Мы поужинали. Потом мама переоделась. Она надела синее шелковое платье. Это платье мне нравилось. Мама в нем делалась очень молодой и красивой. И веселой. Но я не любил все‑таки, когда это платье появлялось на свет. Значит, мама куда‑то собралась, и ее весь вечер не будет дома.

– Мам, ты куда?

– Батюшки! Ты что, маленький? Будешь плакать: «Мама, не уходи»?

– Не буду я плакать, – сказал я, надувшись. – Просто сидеть одному неохота.

– Не сиди. Погуляй. Все равно ведь каждый вечер бегаешь.

Ага, «погуляй»! Если бы она знала!

– Надоело мне гулять.

– Владик, ну что за капризы! Сегодня симфонический концерт в городском саду. Это бывает раз в несколько лет. Неужели я не могу послушать?

– А я?

– Что «а я»?

– Тоже хочу на концерт, – уцепился я. Это было все‑таки лучше, чем сидеть дома.

– Ты серьезно? Это ведь не кино.

– Ну и что! Кино я видел, а концерты ни разу.

– Ладно… – сказала мама. – Куда тебя девать.

Она дала мне белую рубашку, новые штаны (те, которые сшила из обрезков американских брюк), расчесала на косой пробор мои космы (я терпел) и сказала:

– Оказывается, иногда ты можешь выглядеть вполне прилично… А хочешь, я сделаю тебе черный бантик на шею? С белой рубашкой будет очень красиво.

Я со сдержанным негодованием выразил свое отношение к бантикам. Мама заметила, что я все‑таки чудовище, и мы пошли в сад.

У ворот сада нам повстречался высокий мужчина в глухом кителе, с флажком на фуражке. Флажок был белый с зеленой каймой. Мужчина вежливо поздоровался с мамой.

– Добрый вечер, Сергей Эдуардович, – сказала мама, и мы пошли рядом.

Сначала – молча. Мама шла опустив голову. Сергей Эдуардович поглядывал на меня. А я – на него. Меня интересовала фуражка.

– В отделе прочитали ваш очерк, – сказала мама. – Всем нравится. Только… понимаете, газетный объем… Как‑то надо сократить материал. Хотя и жаль.

– Сокращу, – поспешно согласился Сергей Эдуардович. – Чего там жалеть?
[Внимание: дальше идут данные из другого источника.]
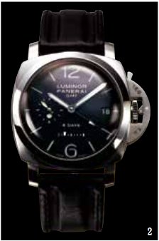 P . 2002最大的特色當屬八天的長儲存動 力。機芯的長動力是靠三個發條盒所提供的,由兩個串連的銀色發條盒並連一個金色發條盒;除了提供更長的驅動時間,複數發條盒也有穩定扭力的作用,所以這幾年各大錶廠的新製機芯就算沒有長動力的需求,也多會選擇多發條盒的動力機構。其實P. 2002的儲存動力高達十天,之所以號稱八日鍊、儲能顯示也只有八天,是為了讓使用者在還剩二天動力時便為發條上鍊,避開最後二 天扭力不足時對走時的影響;2007年推出的P.2003是P. 2002的自動版,由於自動機芯只要有在佩戴就幾乎不會把動力耗盡,所以 P. 顯示。機芯採用雙幅螺絲擺輪,以四顆方帽螺絲微調擺輪的擺速。擺輪以橫跨式錶橋固定,一般咸信橫跨式的擺輪錶橋比單臂式的來得穩定;而P. 2002的擺輪錶橋和基版間有一對金屬的弧形墊圈,讓螺絲將錶橋鎖在基版上時能微調錶橋的高低和左右水平,可以用來調整擺輪和擒縱器間的相對位置。勞力士的Cal. 3135機芯也有同樣的設計,從勞力士和PANERAI的淵源來看可以說是其來有 自。錶冠抽出第一段時能不影響分針地獨立 調校時針,抽到底時便是一般的調校,並且會連動第二地時間針;一般調校時除了停秒,平心而論,P. 2002還有一些改進的空間,像是日期是滑動式的而不是瞬跳式的(雖然也有人以為瞬跳對輪系的負擔較大)、而且不能快調,夾板的裝飾也太陽春(其實編者個人還滿喜歡這種現代感的風格的)、而且多是機械打磨而非手工,但不能否認 的,P. 2002仍然是一枚很有個性的機芯,尤其是它沛納海味十足,對死忠的來說這恐怕才是最重要的吧。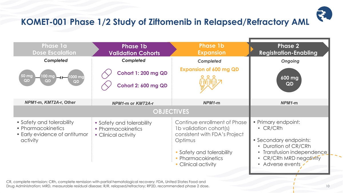 KOMET-001 Phase 1/2 Study of Ziftomenib in Relapsed/Refractory AML Phase 1a Phase 1b Phase 2 Phase 1b Dose Escalation Expansion Registration-Enabling Validation Cohorts (Ongoing) Completed Completed Completed Ongoing Expansion of 600 mg QD Cohort 1: 200 mg QD 50 mg 100 mg 1000 mg 600 mg QD QD QD QD Cohort 2: 600 mg QD NPM1-m, KMT2A-r, Other NPM1-m NPM1-m NPM1-m or KMT2A-r OBJECTIVES • Safety and tolerability Continue enrollment of Phase • Primary endpoint: • Safety and tolerability • CR/CRh • Pharmacokinetics 1b validation cohort(s) • Pharmacokinetics • Early evidence of antitumor consistent with FDA’s Project • Clinical activity • Secondary endpoints: activity Optimus • Duration of CR/CRh • Safety and tolerability • Transfusion independence • Pharmacokinetics • CR/CRh MRD negativity • Adverse events • Clinical activity CR, complete remission; CRh, complete remission with partial hematological recovery; FDA, United States Food and Drug Administration; MRD, measurable residual disease; R/R, relapsed/refractory; RP2D, recommended phase 2 dose. 10 ~ ~

Не в этом дело… – Он помолчал и неожиданно признался: – С тридцать шестого года не слышал симфонического оркестра…

И опять они с мамой замолчали.

– А почему у вас фуражка морская, а на флажке самолет? – спросил я.

Он, по‑моему, обрадовался вопросу. Быстро снял и протянул фуражку:

– Это не самолет, а перекрещенные рыбы. Я – рыбник. Промысловик. Понимаешь?

Я кивнул. Голова у него была с длинными залысинами, а лицо сухое, морщинистое и все‑таки доброе. А на руке не хватало двух пальцев.

Сергей Эдуардович взял фуражку и пошел покупать билеты.

– Ему пальцы снарядом оторвало? – спросил я.

– Нет, – сказала мама. – Он не был на войне. Пальцы он отморозил.

– А‑а… – протянул я с разочарованием.

– Дурачок, – сказала мама. – Этот человек перенес столько… Он много лет работал на Севере. В самых тяжелых местах. Один раз в тундре он спасал пострадавшего летчика. Летчик разбился при аварии. Сергей Эдуардович тоже был в этом самолете, но уцелел. Он тащил летчика трое суток на самодельных санях, обморозил ноги и руки… А когда добрался до стойбища, оказалось, что летчик умер. Это было самое страшное…

Я опустил голову. Сергей Эдуардович подошел, мельком взглянул на меня и спросил:

– Кажется, была проработка?

– Нет, – сказала мама. – Просто разговор. Не хочу, чтобы он вырос легкомысленным болтуном.

– Ничего, – заступился Сергей Эдуардович. – Легкомыслие проходит. Лишь бы не вырос чиновником и трусом.

Ну вот, надо ж было ему это сказать! Снова стало скверно на душе.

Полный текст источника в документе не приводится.